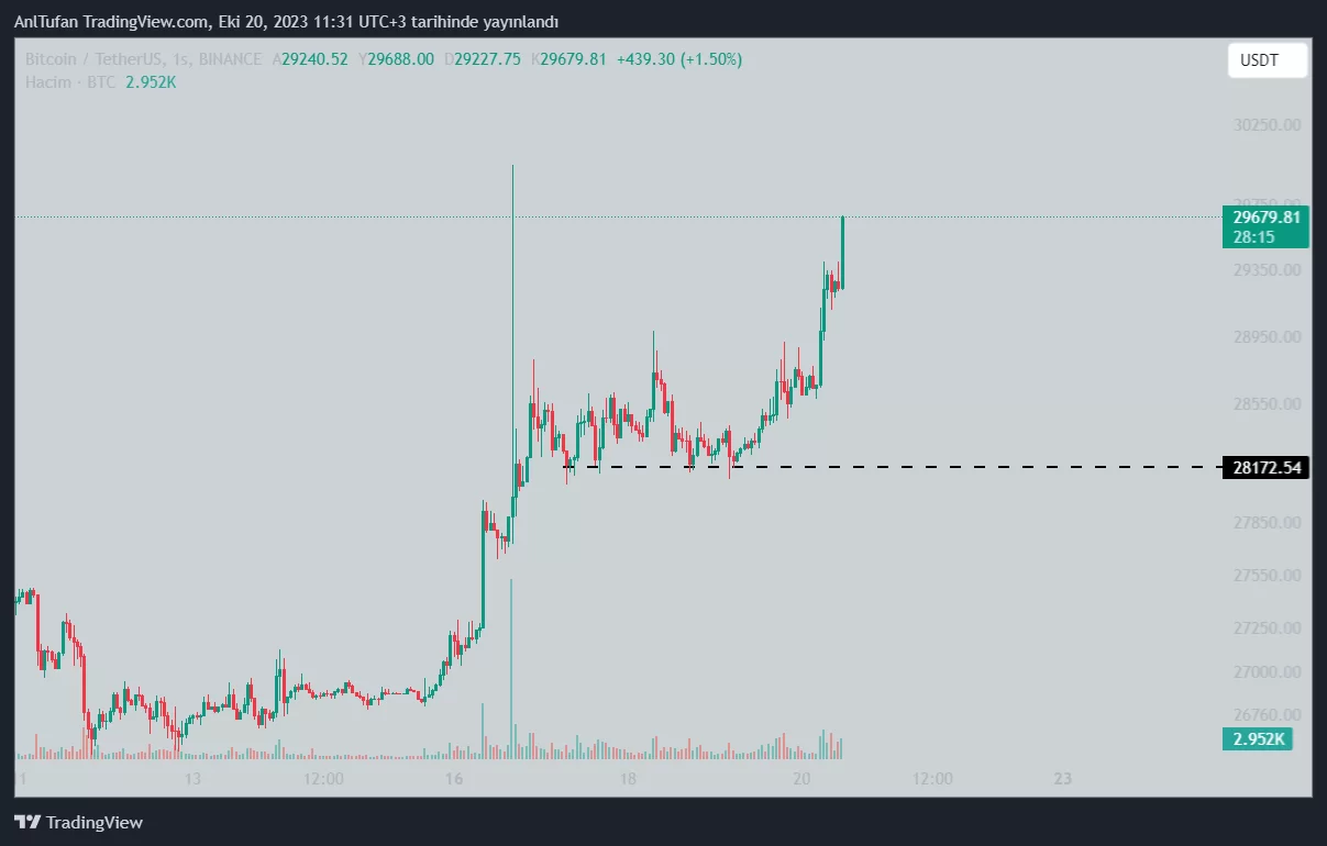 Şuan itibariyle Bitcoin kritik direnç seviyesi olan 30 bin dolara çok yaklaştı. Geçtiğimiz günlerde sahte ETF haberleri ile birlikte 30 bin dolara iğne atan BTC, sert bir düşüş yaşamıştı.
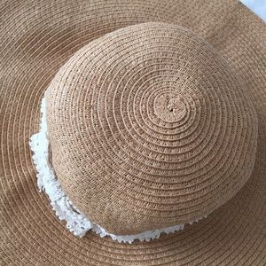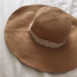 Made of of straw like material! Super cute to pair with a spring, summer, or FALL outfit!! It has some bucks on the top but I'm positive it was there when I purchased it... I wore it once so it needs a loving home to go to haha :)
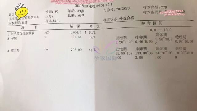 恭喜39岁的P小姐验孕成功,P小姐二胎,备孕许久没有怀上,检查各方面都挺好的,主要问题是先生精子弱一点. P小姐非常果断独立的一个人,咨询试管后说做就做,一个人到公司来了解后就确定下来了。移植后休息三天回国验孕,第一次移植后第八天HCG83.6,移植后15天复查HCG已经达到6764.4了,翻倍很好,希望接下来也顺顺利利的

= Exercise requirements =
Each line, from the beginning of the listing to the line bearing "Made of of straw" inclusive, should be copied exactly; the pictures stay out.

= Exercise answer =
 Şuan itibariyle Bitcoin kritik direnç seviyesi olan 30 bin dolara çok yaklaştı. Geçtiğimiz günlerde sahte ETF haberleri ile birlikte 30 bin dolara iğne atan BTC, sert bir düşüş yaşamıştı.
 Made of of straw like material! Super cute to pair with a spring, summer, or FALL outfit!! It has some bucks on the top but I'm positive it was there when I purchased it... I wore it once so it needs a loving home to go to haha :)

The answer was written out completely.